> Try it
Among the records below, find the line with "SpeedBay is an" and the line with "More importantly, our". Set down both and every line between, exactly and with no pictures, but nothing else.

> Data for the task
· · ·
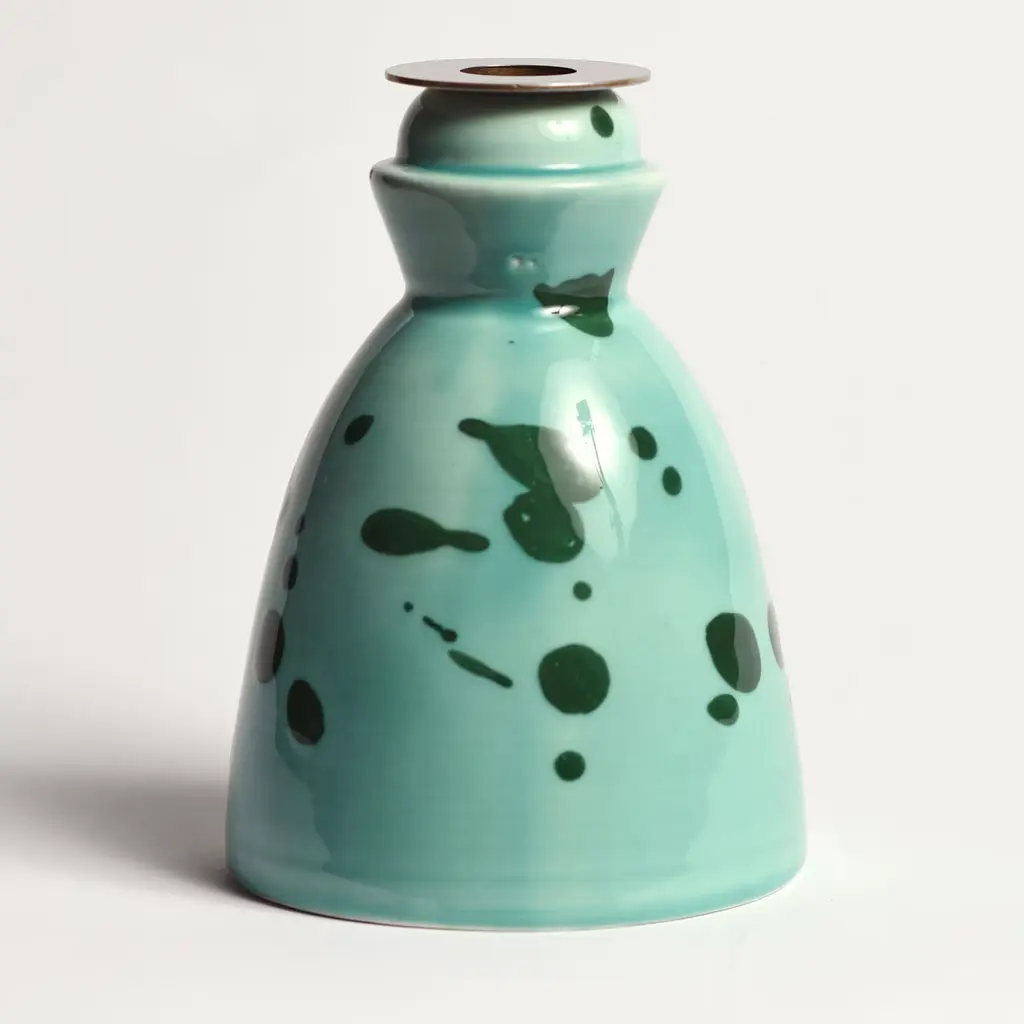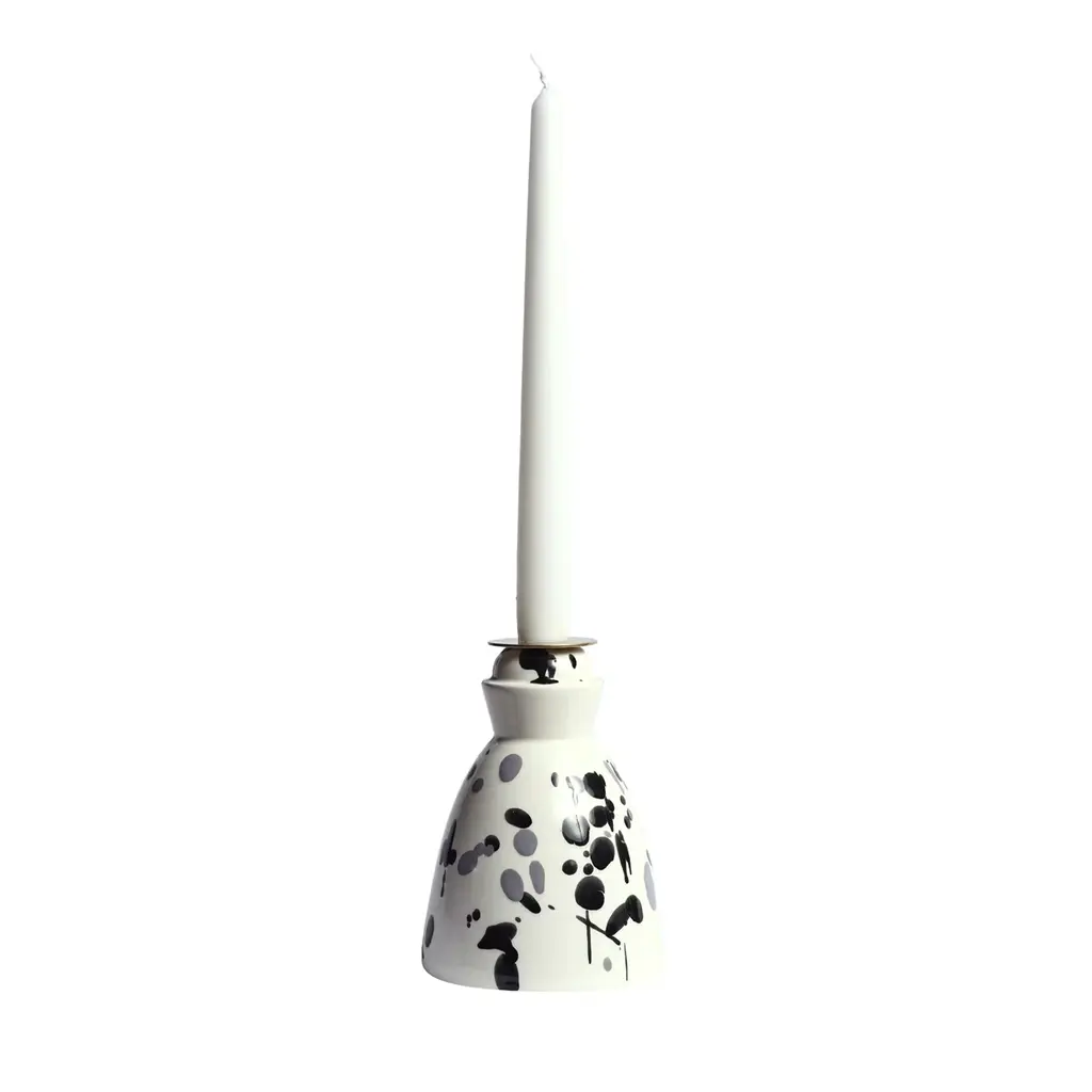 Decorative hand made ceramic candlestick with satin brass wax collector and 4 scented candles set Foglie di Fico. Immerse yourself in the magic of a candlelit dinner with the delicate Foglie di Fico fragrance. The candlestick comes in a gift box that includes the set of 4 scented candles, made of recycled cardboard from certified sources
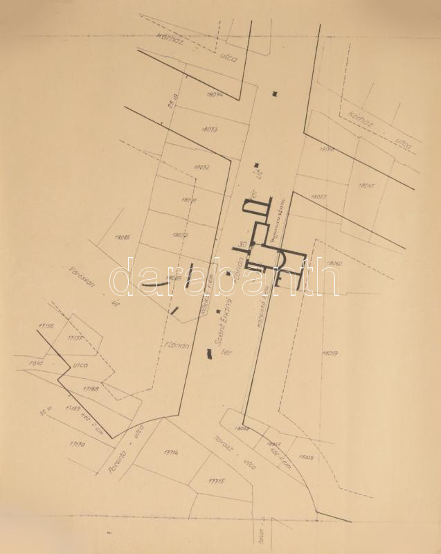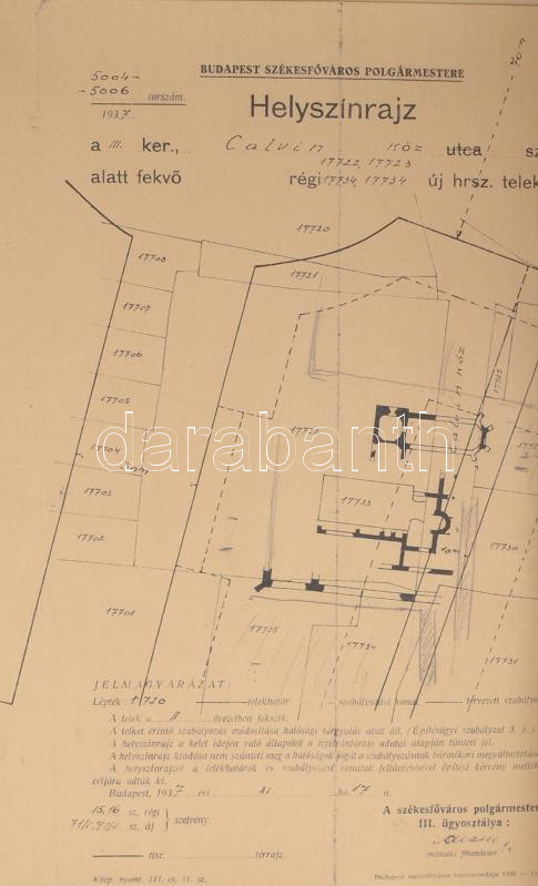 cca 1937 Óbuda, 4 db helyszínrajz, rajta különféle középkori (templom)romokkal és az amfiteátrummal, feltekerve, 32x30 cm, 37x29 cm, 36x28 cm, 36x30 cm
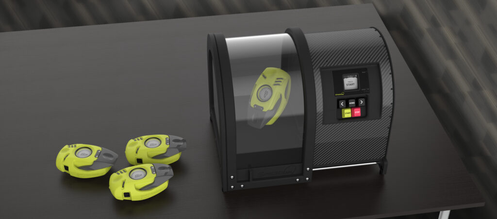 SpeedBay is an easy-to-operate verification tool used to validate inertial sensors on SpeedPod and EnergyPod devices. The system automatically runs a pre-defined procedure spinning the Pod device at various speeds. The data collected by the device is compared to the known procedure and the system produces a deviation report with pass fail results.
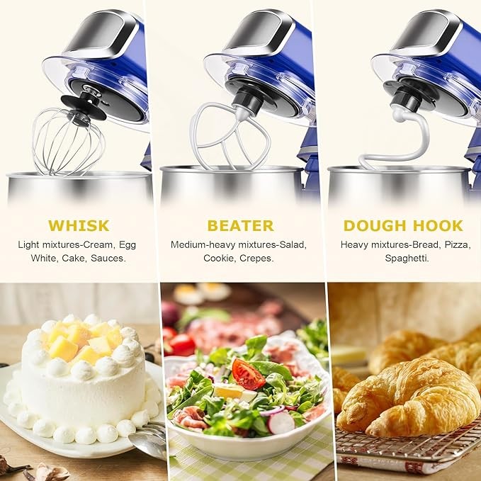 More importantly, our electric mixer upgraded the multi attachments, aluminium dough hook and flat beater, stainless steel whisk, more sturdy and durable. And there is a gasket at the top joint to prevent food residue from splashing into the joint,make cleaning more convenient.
· · ·
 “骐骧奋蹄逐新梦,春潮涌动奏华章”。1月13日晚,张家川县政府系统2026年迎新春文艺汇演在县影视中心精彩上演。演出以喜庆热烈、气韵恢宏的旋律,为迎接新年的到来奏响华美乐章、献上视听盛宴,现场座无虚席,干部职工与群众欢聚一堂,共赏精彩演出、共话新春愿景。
· · ·
> Answer to this task
 SpeedBay is an easy-to-operate verification tool used to validate inertial sensors on SpeedPod and EnergyPod devices. The system automatically runs a pre-defined procedure spinning the Pod device at various speeds. The data collected by the device is compared to the known procedure and the system produces a deviation report with pass fail results.
 More importantly, our electric mixer upgraded the multi attachments, aluminium dough hook and flat beater, stainless steel whisk, more sturdy and durable. And there is a gasket at the top joint to prevent food residue from splashing into the joint,make cleaning more convenient.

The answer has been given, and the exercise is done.